■ What is required:
What you should give back is a precise copy of the lines below from the one containing "Gecko auf Bernstein – Anhänger – UNIKAT" through the one containing "君不见,厦门海关截获装有2000只美洲蟑螂的空货柜箱?", with no pictures.

■ Given entries:
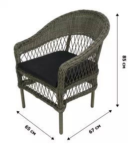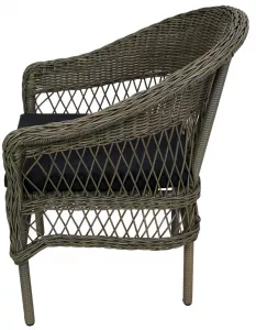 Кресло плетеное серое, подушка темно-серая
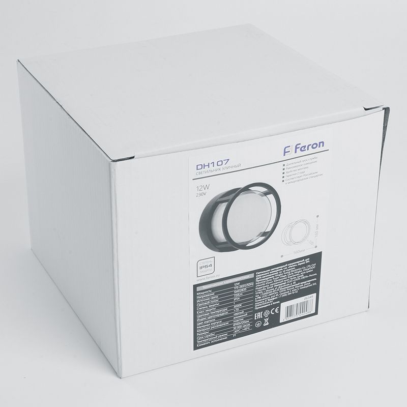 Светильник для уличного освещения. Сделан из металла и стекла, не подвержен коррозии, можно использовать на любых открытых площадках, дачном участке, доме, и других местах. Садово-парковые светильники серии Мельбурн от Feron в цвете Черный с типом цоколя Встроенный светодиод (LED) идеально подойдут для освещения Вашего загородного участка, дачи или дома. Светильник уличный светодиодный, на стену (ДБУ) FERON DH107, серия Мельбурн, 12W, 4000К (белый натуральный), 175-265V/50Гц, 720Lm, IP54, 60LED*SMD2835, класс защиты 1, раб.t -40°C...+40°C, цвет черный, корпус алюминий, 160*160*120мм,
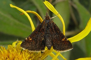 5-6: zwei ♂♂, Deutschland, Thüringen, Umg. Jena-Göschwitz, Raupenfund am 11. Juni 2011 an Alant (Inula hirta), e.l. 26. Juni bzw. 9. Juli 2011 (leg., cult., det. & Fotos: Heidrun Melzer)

==

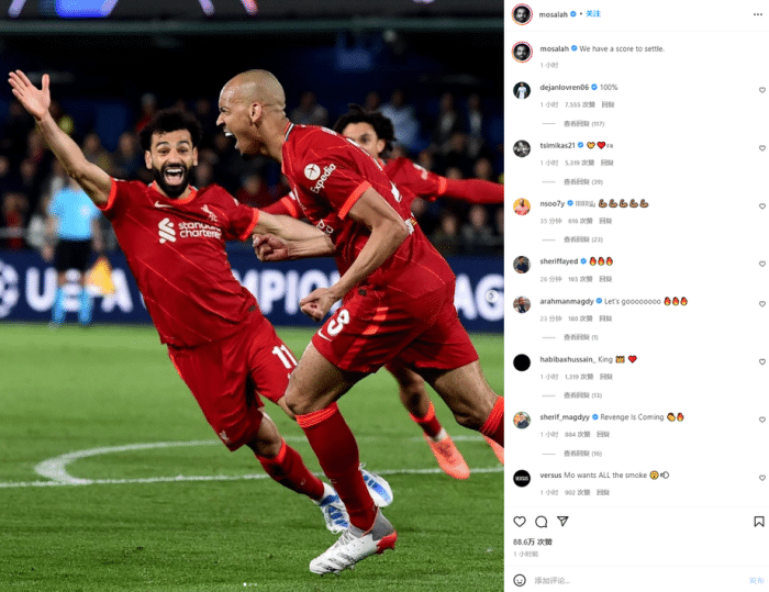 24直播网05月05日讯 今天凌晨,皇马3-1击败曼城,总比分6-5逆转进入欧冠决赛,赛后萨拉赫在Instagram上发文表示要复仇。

==

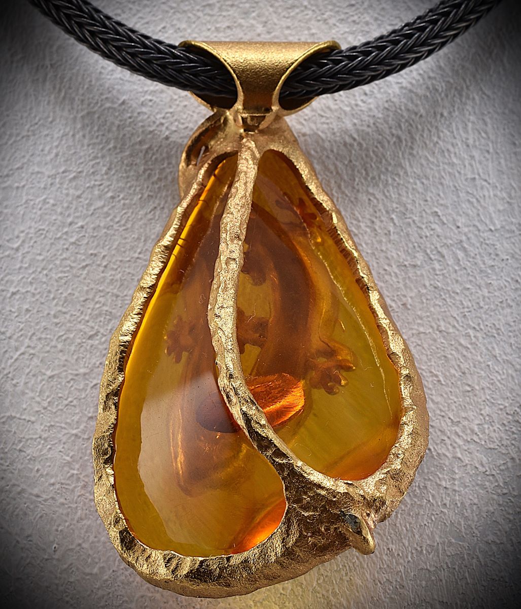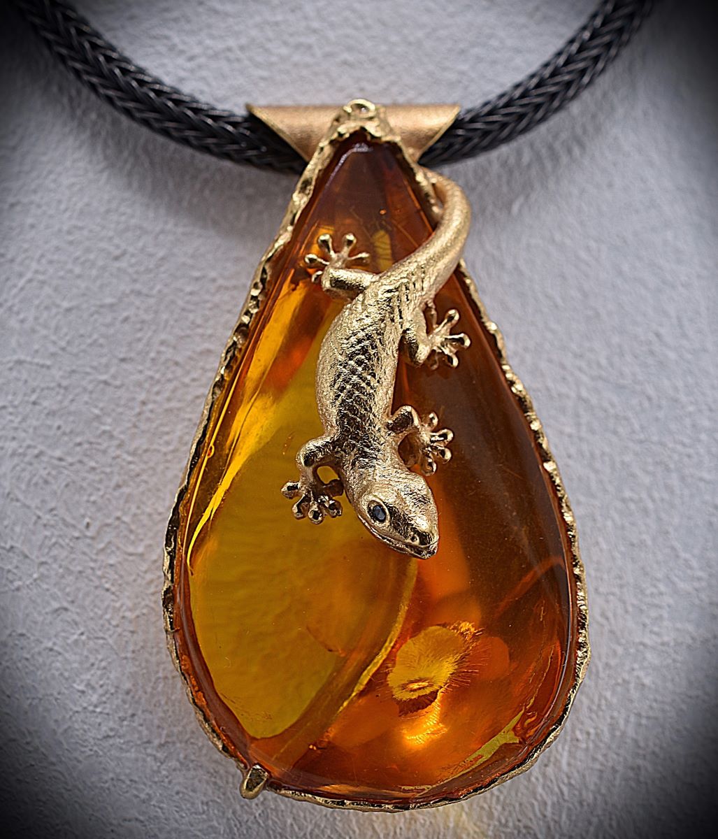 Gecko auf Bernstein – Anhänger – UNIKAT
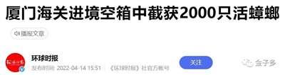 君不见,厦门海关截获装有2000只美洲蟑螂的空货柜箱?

■ Response to this exercise:
 Gecko auf Bernstein – Anhänger – UNIKAT
 君不见,厦门海关截获装有2000只美洲蟑螂的空货柜箱?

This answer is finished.